La présence de pommes de pin (pineas nuces) dans les vergers de Ferrières peut surprendre l'homme du XXIe siècle. Et pourtant, à cette époque, ce n'était pas une exception… Baudry, abbé de Bourgueil (1046-1130), nous apprend que Bourgueil a son bosquet où croissent l'osier, le laurier et le myrte, où le poirier se mêle à l'olivier, le cerisier au pin, et le pin au pommier. La douceur du lieu permettra aux grenadiers et aux orangers d'y pousser à partir du XIIe siècle. Quant à Saint-Gall, le "verger pilote", la liste de ses fruits bénits au Xe siècle est la suivante : olives, pommes, poires, poires à cidre, grenades, figues, citrons, dattes, raisins, pêches, prunes, cerises et griottes, châtaignes, noix et noisettes.
Dans son Histoire du climat depuis l'an mil, Emmanuel Leroy Ladurie évoque un climat chaud et probablement sec, le petit optimum qui s'étend autour de l'an mil, et qui s'efface au XIIIe siècle ...
Parlait-on alors de réchauffement de la planète ?

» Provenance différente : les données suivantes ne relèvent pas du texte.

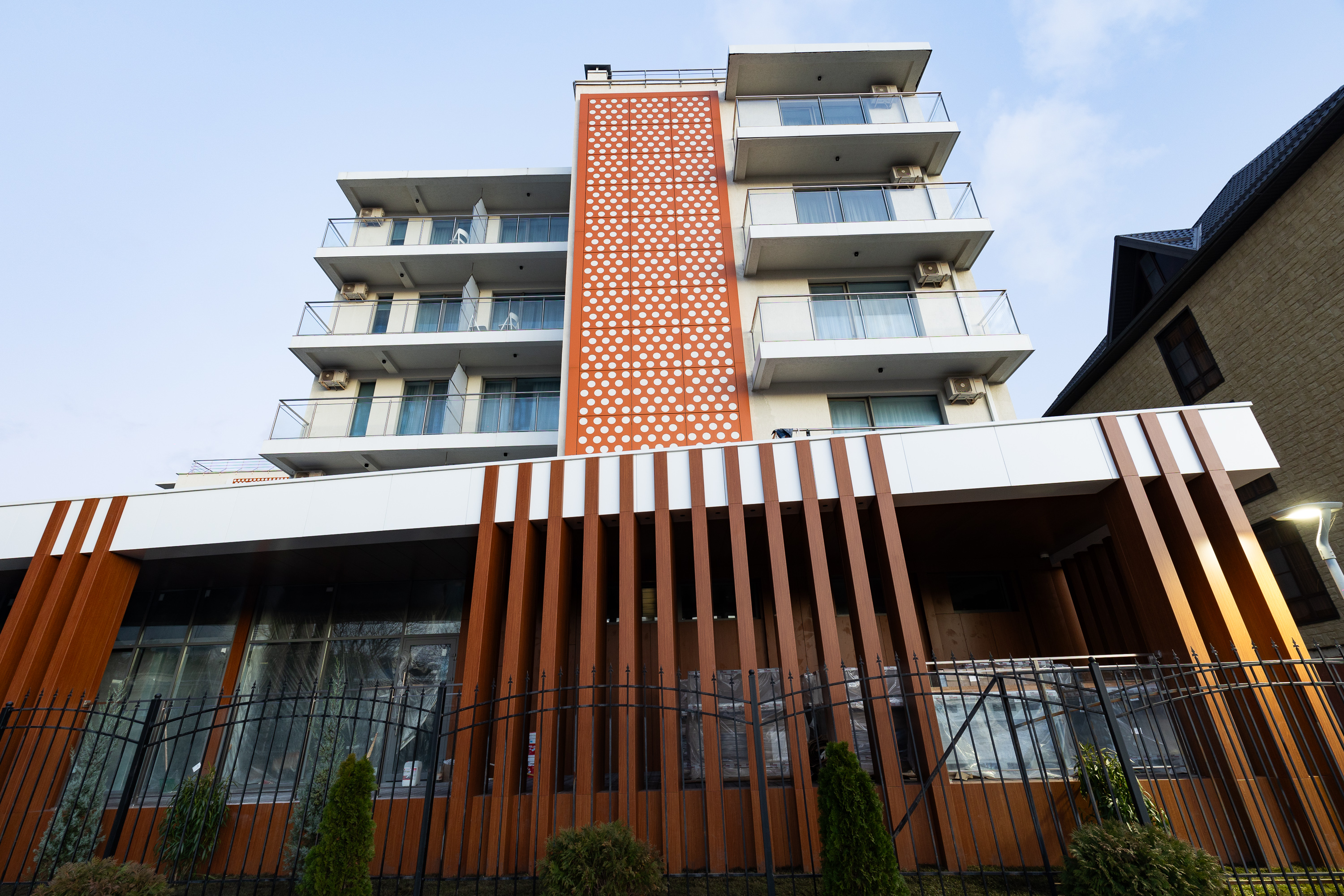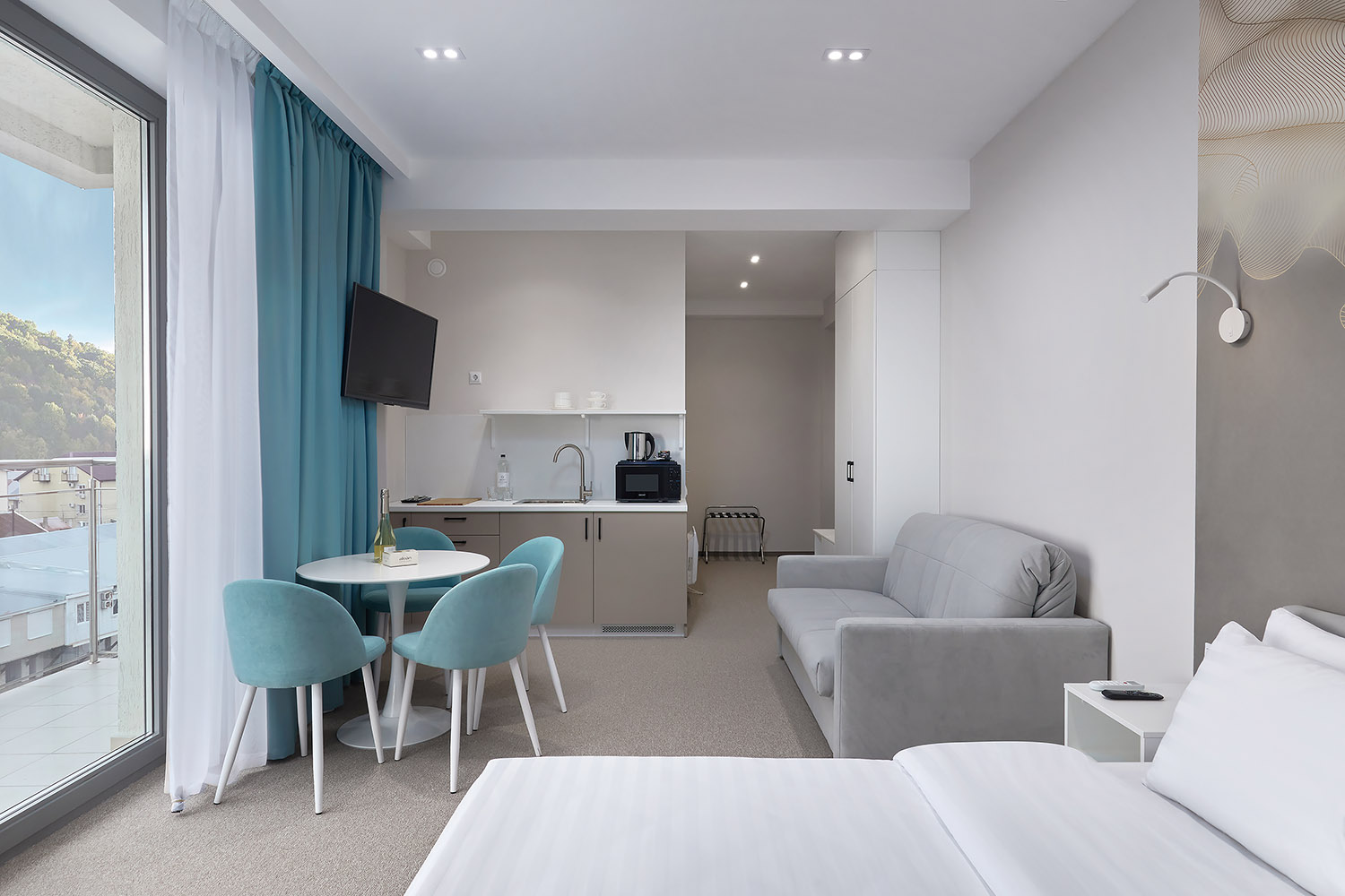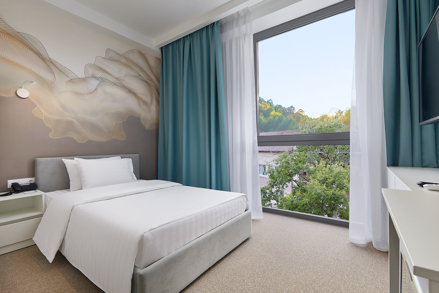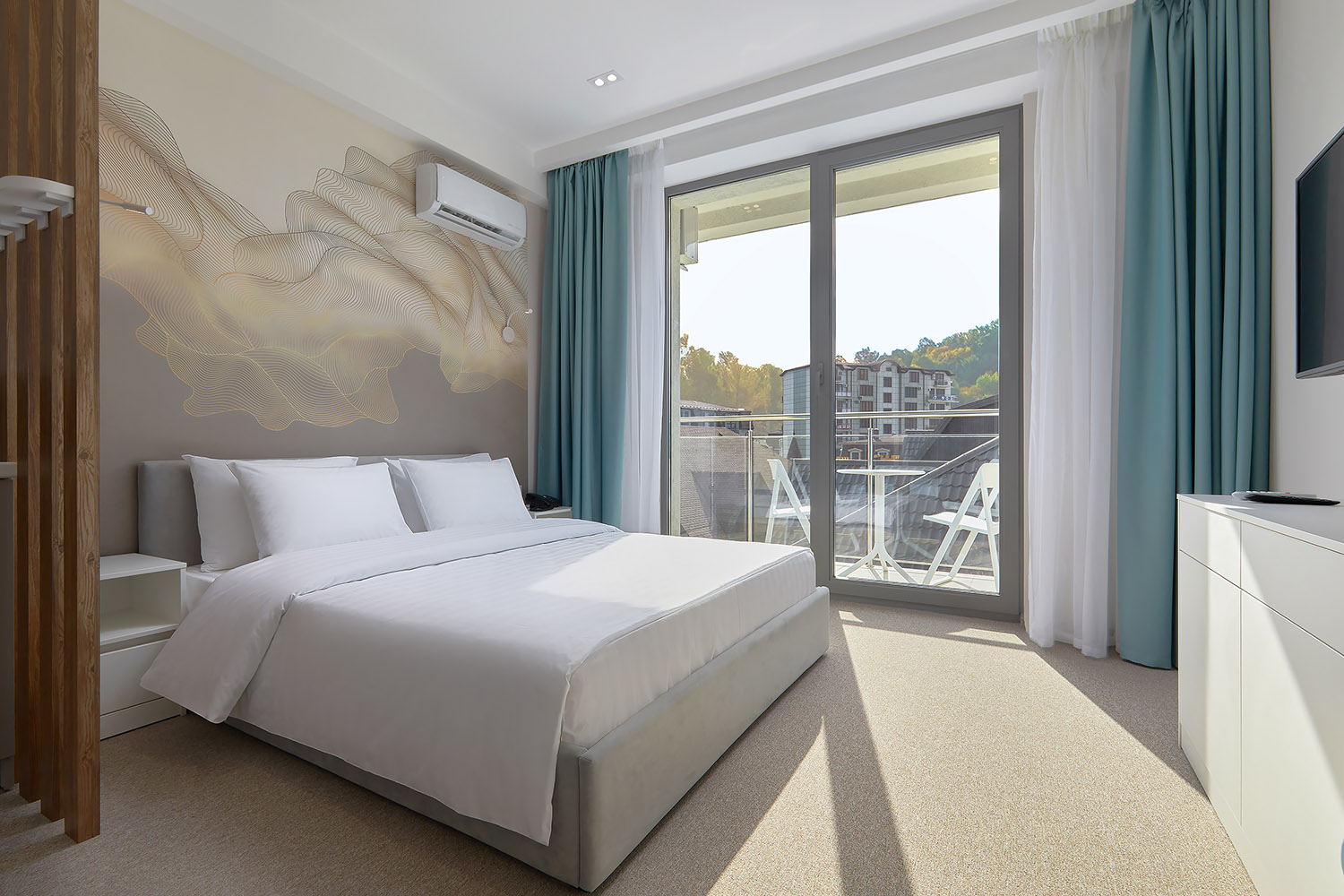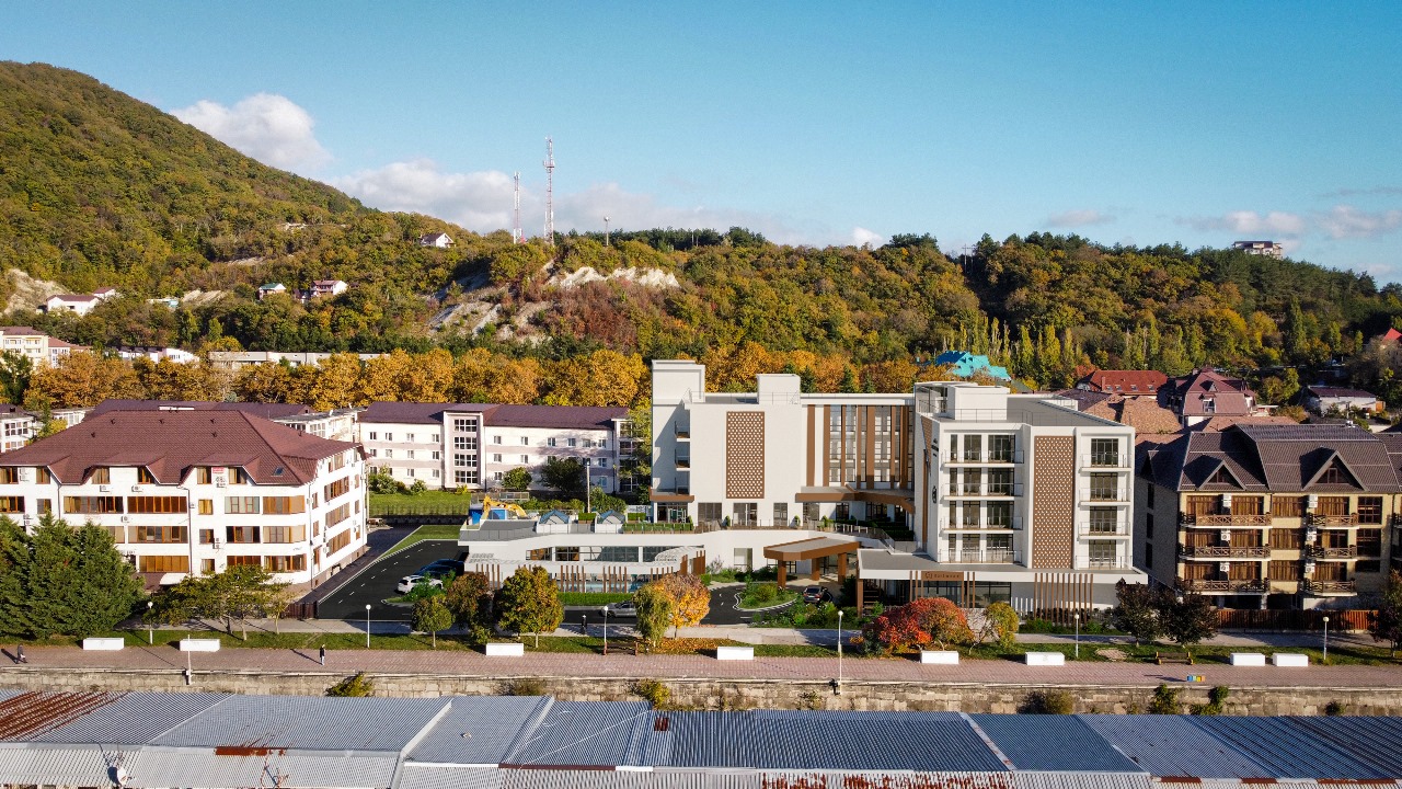 Комфортабельный 5-этажный жилой корпус состоит из 117 номеров разной вместимости — от однокомнатных до апартаментов (55 м2). Во всех номерах есть мини-холодильник, чайная станция, ЖК-телевизор, сплит-система, сейф для особо ценных вещей, фен, гладильная доска и утюг. Большинство номеров оборудованы балконами, что позволяет гостям наслаждаться местными живописными ландшафтами и целебным воздухом.

Usé par les fatigues et l'inquiétude, Loup est mort sans doute en 862 : l'ultime témoignage de son activité est sa signature apposée aux actes du Concile de Soissons, qui, à cette date, règle le partage des biens du monastère de Saint-Denis entre l'abbé et les religieux.

Loup Servat

Dans une lettre à Alcuin, son ami, (Lettre XX), Loup évoque la maladie dont il fut atteint alors qu'il se rendait à Francfort-sur-le-Main avec son abbé Eudes : Une pustule, en effet, s'étant formée dans l'aine droite ne fit que me menacer de la mort ; mais d'autre part, engendra une si grande abondance de prières, partout où le bruit s'était répandu de mon accident, que j'ose penser que mon mal m'avait été procuré par un bienfait divin. Il donna sur cette maladie des précisions à Hildegaire, évêque de Meaux, qui les consigna dans la vie de saint Faron. Souffrant mille douleurs et sentant sa mort venir, Loup eut une vision : un vieillard vénérable, apparu soudain au chevet de son lit, lui dit : "Sache que je suis l'évêque et le patron de la ville de Meaux ; mon nom est Faron. Aie confiance en celui qui m'a envoyé et tu guériras par l'onction que je vais te faire en son nom" ; en même temps, le vieillard toucha l'abcès de sa main trempée dans l'huile d'un vase qu'il portait. Au matin, Loup se réveilla guéri, le côté encore humide de l'onction. Dès lors, il adopta, par reconnaissance le nom de Servat, du latin servatus, sauvé.